Background information
- Born: Salvatore Frega 29 September 1989 (age 36)
- Origin: Cosenza, Italy
- Genres: Classical, modern
- Occupations: Artistic director, composer
- Label: Warner Music Italy
- Website: www.salvatorefrega.com

= Salvatore Frega =

Italian composer

Salvatore Frega (born 29 September 1989) is an Italian composer of contemporary classic music, Director of the Accademia Musicale Medicea and of TGmusic.it and Professor at the Conservatory N. Paganini - Genova.
President for the 2026/2027 Rotary Year of the Rotary Club of Sant'Anna di Stazzema - Via Francigena.
Officially engaged to psychologist, Dr. Elisa Coppa.

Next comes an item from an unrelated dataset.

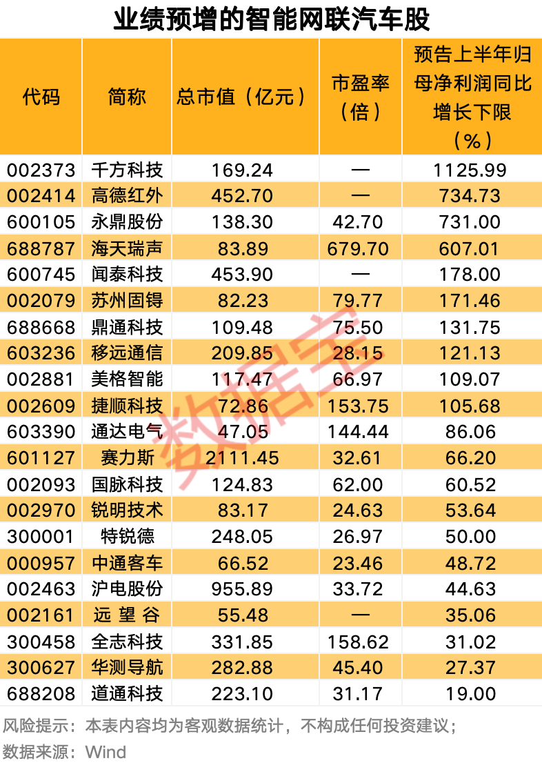 从业绩上来看,54只智能网联汽车概念股发布上半年业绩预告、业绩快报或半年报,以归母净利润同比增长下限来看,其中6股预告扭亏为盈,7股预告减亏,21股预告归母净利润同比增长,报喜比例超六成。

==Professional collaborations==
Salvatore Frega has had commissions and exhibitions such as: Venice Biennale, Koper Biennale, Sanremo Symphony Orchestra, Galilei Orchestra of the Fiesole Music School, Orchestra i Pomeriggi Musicali of Milan, Orchestra of the San Giacomantonio Conservatory of Cosenza, Fiorentina Chamber Orchestra, Budapest Symphony Orchestra MÁV, Pazardzhik Symphony Orchestra, The Kazakh Soloists, Eskisehir Philharmonic Orchestra, Art Center of Singapore, Qazaq Concert, Haydn Symphony Orchestra, Torre del Lago Puccini Symphony Orchestra.

8/9 Agosto 2021 - 67° Festival Puccini at Torre del Lago; with a commission for Ensemble and Voice Reciting with the theme of "Kiss at the time of COVID-19".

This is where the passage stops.